Reputation: 39
Im using LIBSVM and MatLab to classify 34x5 data in 3 classes. I applied 10 fold Kfold cross validation method and RBF kernel. The output is this confusion matrix with 0.88 Correct rate (88 % accuracy). This is my confusion matrix
9 0 0
0 3 0
0 4 18
I would like to know what methods inside SVM to consider to improve the accuracy or other classifications method in Machine learning techniques.

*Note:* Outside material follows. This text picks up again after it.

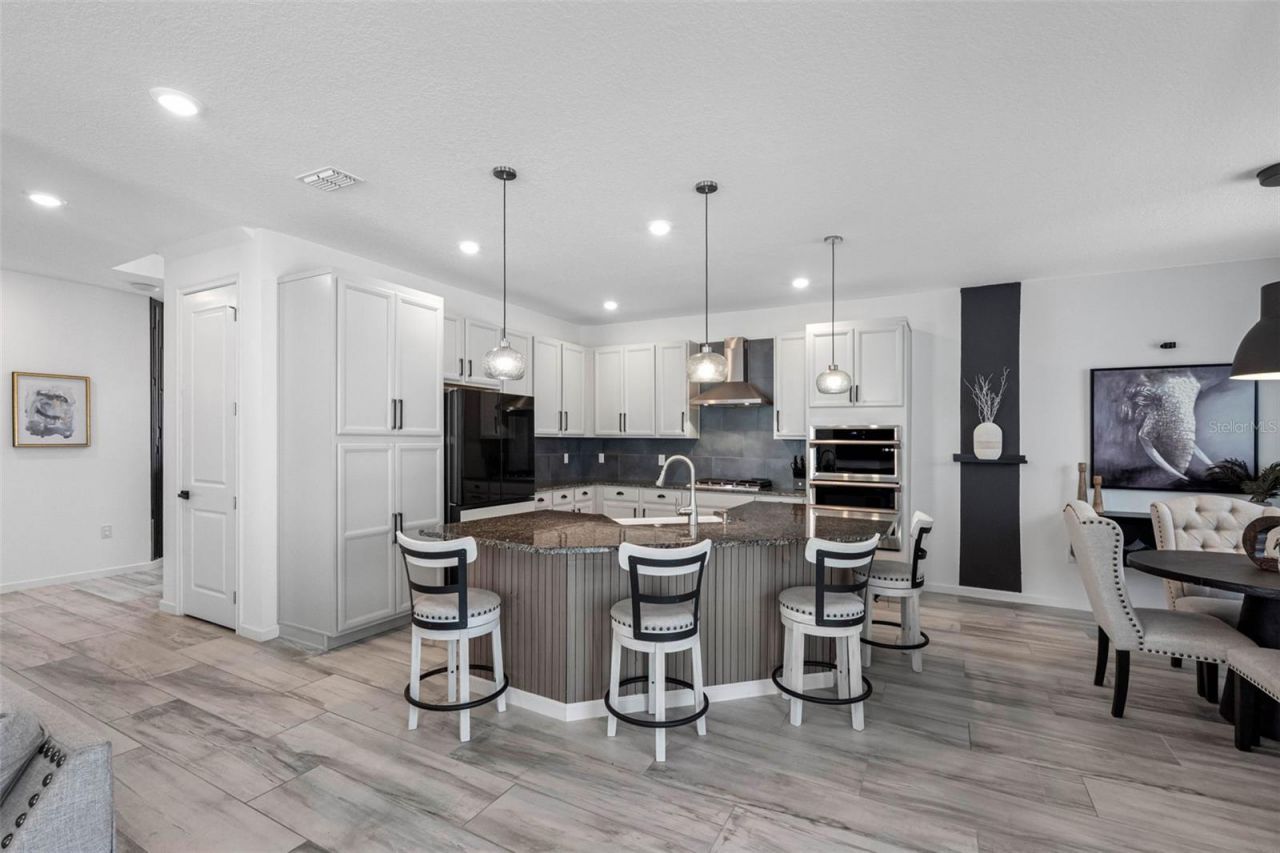 Gorgeous pool home in the gated resort-style community of MiraBay is now ready for a new owner! This well appointed home features many upgrades and designer touches you won't find in your average new construction home. This home boasts 4-bedrooms, 3-baths, a 2 car garage and 2,532 sq ft heated/3,202 SqFt total under roof. There is a bedroom on the first floor currently used as an office with a full bath and 3 bedrooms and a generous sized loft on the second floor with 2 additional bathrooms. This practically new home, built in 2022 by Park Square homes offers a gourmet kitchen, dining, living room open concept with sliders making indoor/outdoor entertaining a breeze. Enjoy beautiful quartz countertops, large format tile backsplash, farmhouse sink, stainless steel appliances, 42 soft gray wood cabinetry, stainless vented hood, gas cooktop and island with counter height seating. The downstairs has soft gray tile throughout. Enjoy swimming year round in your screened-in, heated salt-water pool with shell lock pavers, generous sized covered lanai, mature landscaping and vinyl privacy fence. The staircase has beautiful accent handrails inviting you upstairs to the generous sized loft showcasing a beautiful statement window with views of green space. The spacious master retreat features double door entry, a gorgeous wood coffered ceiling, a walk-in closet with an organization system, an en-suite bath with quartz counters, double sink wood vanity, loads of storage and a gorgeous walk-in shower glass enclosure with elegant floor to ceiling tile. Two more spacious bedrooms are past the loft and share a dual vanity full size bath. Give yourself the gift of resort-style living in MiraBay where you will have access to two pools, an impressive clubhouse, a fitness center with fitness classes, café, lounge, water sports vessels, walking trails, playgrounds, basketball, tennis, and pickleball courts. Golf cart friendly community with friendly neighbors and community events. Make an appointment today so you can start living the lifestyle you deserve.

Any help?
Here is my SVM classification code
load Turn180SVM1; //load data file
libsvm_options = '-s 1 -t 2 -d 3 -r 0 -c 1 -n 0.1 -p 0.1 -m 100 -e 0.000001 -h 1 -b 0 -wi 1 -q';//svm options
C=size(Turn180SVM1,2);
% cross validation
for i = 1:10
indices = crossvalind('Kfold',Turn180SVM1(:,C),10);
cp = classperf(Turn180SVM1(:,C));
for j = 1:10
[X, Z] = find(indices(:,end)==j);%testing
[Y, Z] = find(indices(:,end)~=j);%training
feature_training = Turn180SVM1([Y'],[1:C-1]); feature_testing = Turn180SVM1([X'],[1:C-1]);
class_training = Turn180SVM1([Y'],end); class_testing = Turn180SVM1([X'], end);
% SVM Training
disp('training');
[feature_training,ps] = mapminmax(feature_training',0,1);
feature_training = feature_training';
feature_testing = mapminmax('apply',feature_testing',ps)';
model = svmtrain(class_training,feature_training,libsvm_options);
%
% SVM Prediction
disp('testing');
TestPredict = svmpredict(class_testing,sparse(feature_testing),model);
TestErrap = sum(TestPredict~=class_testing)./length(class_testing)*100;
cp = classperf(cp, TestPredict, X);
disp(((i-1)*10 )+j);
end;
end;
[ConMat,order] = confusionmat(TestPredict,class_testing);
cp.CorrectRate;
cp.CountingMatrix;
Upvotes: 2
Views: 6176
Reputation: 17026
Many methods exist. If your tuning procedure is optimal (e.g. well executed cross-validation) your choices include:
Improve preprocessing, perhaps tailor new aggregated features based on domain knowledge. Most importantly (and most effectively): make sure your inputs are standardized properly, for example by scaling every dimension onto [-1,1].
Use another kernel: RBF kernels are known to perform very well in a wide variety of settings, but specialised kernels exist for many tasks. Don't consider this unless you know what you are doing. Since you are dealing with a low-dimensional problem, RBF is probably a good choice if your data is not structured.
Reweigh training instances: particularly important when your data set is unbalanced (e.g. some classes have a lot less instances than others). You can do this with the -wX
options in libsvm. All sorts of reweighting schemes exist, including variants of boosting. I'm not a major fan of this, since such approaches are prone to overfitting.
Change the cross-validation cost function to suit your exact needs. Is accuracy really what you are looking for or do you want, say, high F1 or high ROC-AUC? It is surprising how many people optimize a performance measure they are not really interested in.
Upvotes: 3